Structured Outputs with Pydantic

Validate responses to Pydantic models using get_structured_json_response.

Simple Model

from pydantic import BaseModel, Field
from majordomo_llm import get_llm_instance

class Country(BaseModel):
    name: str
    capital: str
    population: int

llm = get_llm_instance("openai", "gpt-4o")
resp = await llm.get_structured_json_response(
    response_model=Country,
    user_prompt="Return info about Japan as JSON",
)
country: Country = resp.content
print(country.capital)  # Tokyo

Enum Fields

Use enums for classification tasks:

from enum import Enum
from pydantic import BaseModel, Field

class Sentiment(str, Enum):
    POSITIVE = "positive"
    NEGATIVE = "negative"
    NEUTRAL = "neutral"

class SentimentAnalysis(BaseModel):
    sentiment: Sentiment = Field(description="The overall sentiment")
    confidence: float = Field(ge=0, le=1, description="Confidence score")
    reasoning: str = Field(description="Brief explanation")

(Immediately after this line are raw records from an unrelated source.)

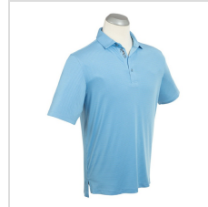
Sky Blue (BJ232312-459)
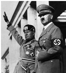
Germany – strong iron

Daniel 2:43 (KJV) And whereas thou sawest IRON MIXED with miry CLAY, they shall mingle themselves with the seed of men: but THEY [U.S. vs. USSR in the Space Race, represented by the October 4, 1957, launch of Sputnik] SHALL NOT CLEAVE ONE TO ANOTHER , even as IRON is NOT MIXED with CLAY.
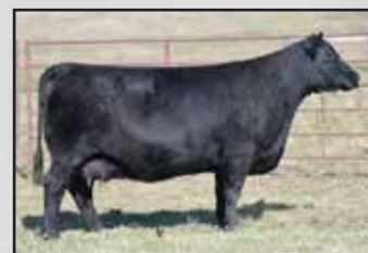
EA Miss Blackbird 5054.

This is an incredible – and incredibly rare – opportunity to make your personal selection of any cow from our herd. There are nearly 600 registered bred females to choose from. These females make up one of the top maternal cowherds in North America. They are responsible for producing one of the highest averaging volume bull sales each year. Most of our cow families have been established here for multiple decades, with some calling St. Anthony, N.D., home for 90-plus years. Our herd is culled as rigorously as any purebred program in America. It has been bred and developed in a disciplined fashion, with a focus on propagating balanced-trait cattle that excel in real-world performance, mothering ability, structural soundness and udder quality. More than 50 of the females eligible for selection have served, at some point, in our embryo transfer program. Also eligible to be picked are the dams, granddams and sisters to many leading A.I. sires. For a complete listing of the cows to choose from, along with their data and production records, call Stetson at (701) 595-1364. The buyer must make his or her selection by May 1.
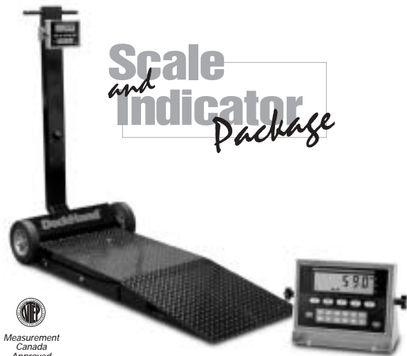
Shown with optional ramp.
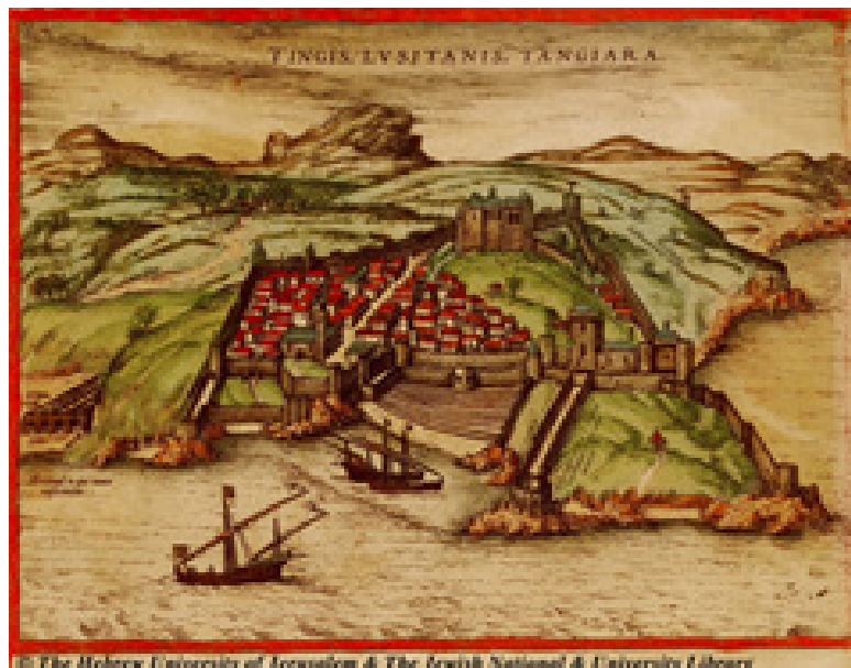
Fig. 6: Tingis, Lusitanis, Tangiara , in Georg Braun, Franz Hogenberg, Civitates orbis terrarum , Cologne 1572, vol. I, plate 56.
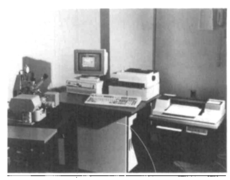
Spreading Resistance System

Hemispherical Electron Energy Analyzer: High-performance analyzer provides ion and electron energy analysis in the 0-5 kV energy range and is specifically designed for mounting to existing UHV chambers. A sophisticated lens enables high sensitivity and resolution by means of a variable (1:100) retard ratio. Applications include XPS, Mono XPS, AES, UPS, ISS, EELS, and PES. Microscience, Inc., 41 Accord Park Drive, Norwell, MA 02061; (617) 871-0308.
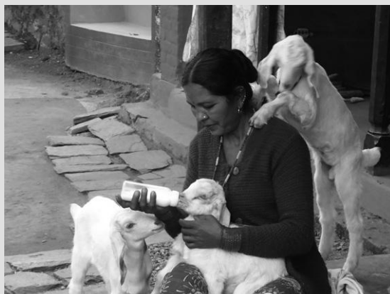
Women raising Goats in Narayansthan VDC, Baglung
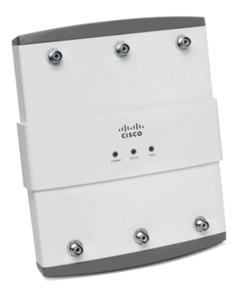
Figure 1. The Cisco Aironet 1250 Series Access Point

The platform was specifically engineered to support the power, throughput, and mechanical requirements of higher-speed WLAN technologies, including 802.11n. Currently, the platform provides both 2.4-GHz and 5-GHz modules compliant with the IEEE 802.11n draft 2.0 standard. As technology evolves, the platform is flexible to support future radio modules designed to deliver intelligent RF services, further enhancing the performance and reliability of the wireless network. The Cisco Aironet 1250 Series is a rugged indoor access point designed for both office and challenging RF environments such as factories, warehouses, hospitals and large retail establishments that require the antenna versatility associated with connectorized antennas, a rugged metal enclosure, and a broad operating temperature range. With a Gigabit Ethernet (10/100/1000) interface, the Cisco Aironet 1250 Series delivers line-rate throughput for higher-speed WLAN technologies such as 802.11n. The access point offers the flexibility of inline as well as local power options.

resp = await llm.get_structured_json_response(
    response_model=SentimentAnalysis,
    user_prompt="Analyze the sentiment: 'Best purchase I've made this year!'",
    system_prompt="You are a sentiment analysis expert.",
)
result: SentimentAnalysis = resp.content
print(f"{result.sentiment.value} ({result.confidence:.0%})")

Nested Models with Lists

Extract structured data with nested entities:

class Entity(BaseModel):
    name: str = Field(description="The entity name")
    type: str = Field(description="Entity type (person, org, location)")
    relevance: float = Field(ge=0, le=1, description="Relevance score")

class TextAnalysis(BaseModel):
    summary: str = Field(description="One-sentence summary")
    entities: list[Entity] = Field(description="Named entities found")
    topics: list[str] = Field(description="Main topics discussed")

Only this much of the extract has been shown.